Leurs livres ont été édités par Fayard, une maison d’édition appartenant à Vincent Bolloré.
Dans le paysage littéraire politique de cette fin d’année 2024, trois ouvrages se démarquent nettement, tous publiés par Fayard et parfaitement alignés avec l’univers Bolloré. En tête de liste, on trouve Jordan Bardella avec son premier livre intitulé « Ce que je cherche », qui a atteint 139 071 exemplaires vendus, selon les chiffres GFK relevés mardi 24 décembre. Juste derrière lui, Philippe de Villiers se mesure au président actuel du Rassemblement National, affichant des ventes de son Mémoricide à hauteur de 136 529 exemplaires. Quant au troisième ouvrage, il ne provient plus d’un acteur politique en exercice, mais son succès persistant souligne son importance dans le débat politique actuel : Nicolas Sarkozy, avec son livre Le Temps des combats publié en 2023, atteint 84 000 ventes.

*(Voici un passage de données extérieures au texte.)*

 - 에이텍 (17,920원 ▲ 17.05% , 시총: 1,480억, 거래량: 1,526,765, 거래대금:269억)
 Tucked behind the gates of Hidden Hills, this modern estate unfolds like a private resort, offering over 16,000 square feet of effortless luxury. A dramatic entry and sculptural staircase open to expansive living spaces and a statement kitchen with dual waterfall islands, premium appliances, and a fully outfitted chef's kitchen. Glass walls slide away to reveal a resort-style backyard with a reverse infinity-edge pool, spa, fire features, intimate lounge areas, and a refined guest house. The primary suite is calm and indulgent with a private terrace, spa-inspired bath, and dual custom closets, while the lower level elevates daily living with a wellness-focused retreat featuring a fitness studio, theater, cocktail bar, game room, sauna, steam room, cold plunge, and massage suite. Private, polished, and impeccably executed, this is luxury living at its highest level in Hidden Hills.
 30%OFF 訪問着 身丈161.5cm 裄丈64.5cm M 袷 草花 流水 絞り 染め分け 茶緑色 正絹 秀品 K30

D’autres figures politiques sont bien loin dans le classement, même si Roselyne Bachelot peut se réjouir des 27 000 exemplaires vendus de son Sacrés monstres ! Le dernier ouvrage de François Hollande, Le Défi de gouverner. La gauche et le pouvoir de l’affaire Dreyfus jusqu’à nos jours, publié en septembre, a enregistré seulement 6 700 achats. Élisabeth Borne, avec son livre Vingt mois à Matignon, a atteint environ 5 500 ventes, tandis que Boris Vallaud et son En Permanence ne comptent que 1 700 exemplaires écoulés. D’autres figures politiques suscitent encore moins d’intérêt, comme Anne Hidalgo avec son ouvrage datant de 2019, Le lieu des possibles, qui n’a trouvé que 227 lecteurs, ou Marlène Schiappa, dont Nos si petites ambitions. Pour une révolution de la réussite des femmes, publié en octobre dernier, n’a été vendu qu’à 75 exemplaires.

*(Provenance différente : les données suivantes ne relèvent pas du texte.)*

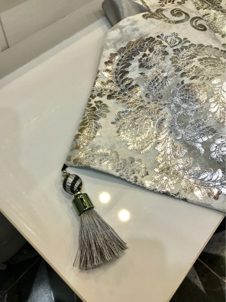 Бесплатная доставка, ручная работа, настольный бегун в европейском стиле, Серебряное украшение для дома, скатерть, вышитая ткань, отель, вилла, свадьба
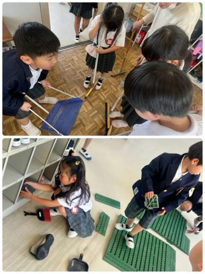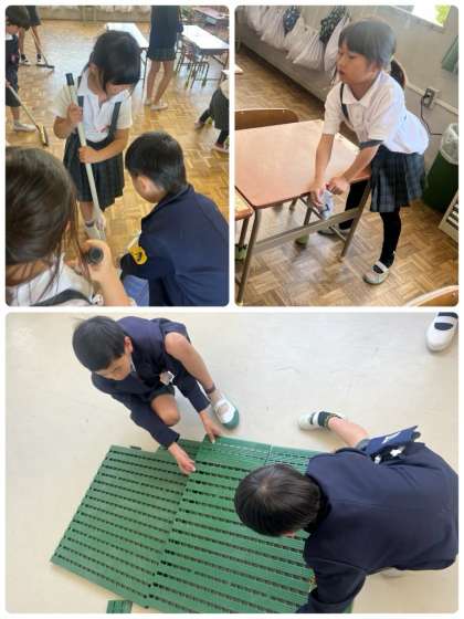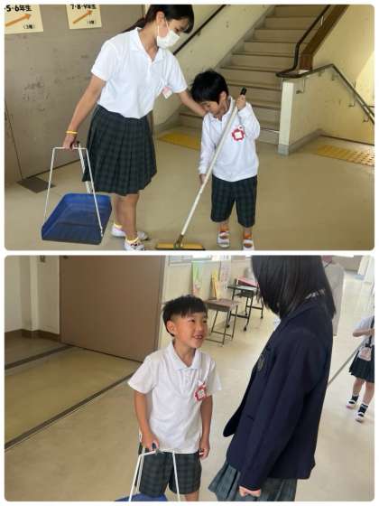 1年生は6年生から、ほうきの使い方や掃除の仕方を教えてもらいました。優しいお兄さんお姉さんの言葉をしっかりと聞いて学び、今では1年生だけで掃除をすることができています。
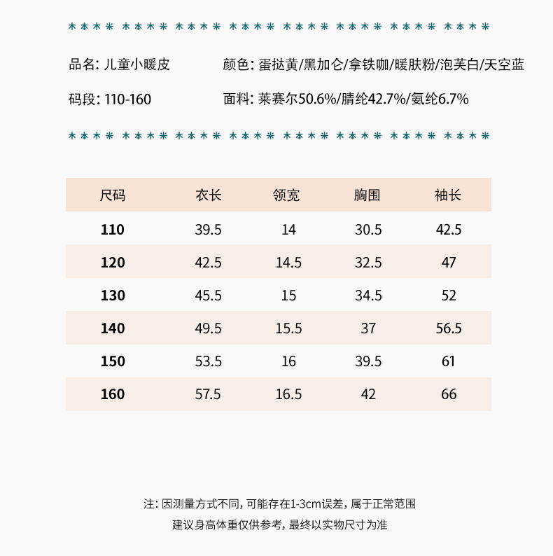 这个打底衫非常舒服,双面磨绒的,超级软糯又保暖,不愧是叫“小暖皮”!莱赛尔+植物纤维的,婴幼儿A类标准哈,敏感肌肤都能穿,透气性也很不错,准备让小小星去东北玩雪穿。

Avec environ 139 000 ventes pour Jordan Bardella, d’après les données GFK employées par les différents éditeurs, ces chiffres résultent de sorties de caisse dans plusieurs librairies test à travers la métropole, mais n’incluent pas les ventes réalisées en Outre-mer, en Corse, ni celles des livres numériques ou les « ventes directes » effectuées par le Rassemblement National.
La stratégie du Rassemblement National
On perçoit ici l’implication du Rassemblement National, qui a incité ses soutiens à laisser des avis favorables sur les sites de vente tout en proposant aux donateurs un livre gratuit pour tout don supérieur à 50 euros. Étant donné que ces dons bénéficient d’une déduction fiscale de 66 %, leur coût effectif est de seulement 17 euros, tandis qu’ils reçoivent un ouvrage valant 22,90 euros. Ce mécanisme est à la limite de la légalité puisqu’il suppose que la réduction fiscale ne s’accompagne d’aucune contrepartie tangible. Cela figure dans le code fiscal, et la Commission des financements politiques impose que le cadeau ne dépasse pas un quart de la valeur du don. Pour obtenir un livre à 22,90 euros, il faudrait en réalité effectuer un don d’au moins 90 euros.
Ce trio de tête, composé de Jordan Bardella, Philippe de Villiers et Nicolas Sarkozy, illustre le lien qui se resserre entre l’édition et la sphère politique. Vincent Bolloré, au-delà de son influence déjà établie dans les médias audiovisuels et la presse écrite, domine aussi les meilleures ventes grâce à des personnalités politiques qui tirent parti de son réseau et lui en font bénéficier en retour.